Currently the area features many dairy farms, as well as tourist attractions, an excellent deer hunting land. Some of the largest Whitetail deer box in the country are taken from the woods of Buffalo County Wisconsin. Because of this hunting land throughout the area is always at a premium. Both rifle hunters and archery hunters flock to the state to take part in the annual deer hunting season running from September through December. In 2015 Wisconsin also legalized deer hunting with crossbows. This has opened up another opportunity for hunters who previously were unable to hunt during the archery seasons.
Buffalo County also features a variety of lakes, rivers and streams for anglers and pleasure boaters to enjoy. Largemouth and smallmouth bass, northern pike, musky, walleye, crappie, and bluegill are some of the most pursued species of game fish. Some streams are stocked with both brown and rainbow trout, and some sustain naturally reproducing populations of native brook trout as well.
The landscape throughout is quite hilly due to the close proximity to the Mississippi river valley. Much of the real estate offers beautiful country views of the hills and bluffs. Many of the homes feature ample acreage for hunting and fishing, with some parcels featuring smaller hunting cabins on site.
Overall the real estate market in the area has rebounded nicely from the down turn the entire state experienced back in 2005. Mortgage interest rates remain low on both residential and agricultural parcels.
Hunting land leases are also very popular throughout the area. Groups of hunters looking for acreage to hunt on will often times band together on land leases, offering land owners thousands of dollars per year in exchange for permission to hunt for trophy bucks during the states archery and rifle whitetail seasons.
Leases are becoming increasing difficult to find, however, as the area becomes more and more popular with trophy deer hunters. The cost for purchasing hunting real estate can vary fro $2000 per acre upwards to around $5000 per acre depending on the type of terrain and proximity to prime whitetail habitat.
Some deer hunters claim that the prime hunting days of Buffalo County are passed now that the area has become such a prominent name in WI deer hunting and trophy buck potential. Others beg to differ. Now that whitetail deer herd management has progressed and land owners have become more and more aware of what works to keep the herd healthy, and the antlers growing, many areas that were once void of deer now thrive.
Predators are becoming a bit of a concern in some areas of Buffalo county, however. Coyote populations seem to be exploding, with deer fawns one of the main dishes on their spring time menus. And now wolves are showing up with consistency, and black bears, also infamous for munching on whitetail deer fawns, are beginning to make the area their home as well.

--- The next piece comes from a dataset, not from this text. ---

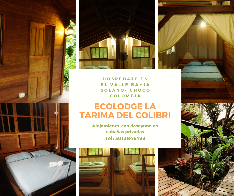 Alojamiento ecológico ubicado frente al océano pacífico en el corregimiento El Valle, Bahía Solano, un destino privilegiado por su gran biodiversidad. La Tarima tiene la capacidad de albergar 12 personas en tres hermosas y cómodas cabañas, cada una con su baño privado; cuenta con un bar mirador donde se ofrecen comidas y bebidas fusionadas con la gastronomía local.

Each season, more and more buffalo county deer hunters are realizing how crucial it is to keep predators in check. Go door to door asking land owners for deer hunting permission and you’ll be laughed out of the county, but pound the same doors asking for permission to hunt coyotes and you’ll get big smiles and warm welcomes.
Predators like coyotes are also tearing into the wild turkey populations, not to mention the native foxes whose dens are molested by hungry coyotes. All in all it’s a great time to get in to predator hunting anywhere throughout Wisconsin.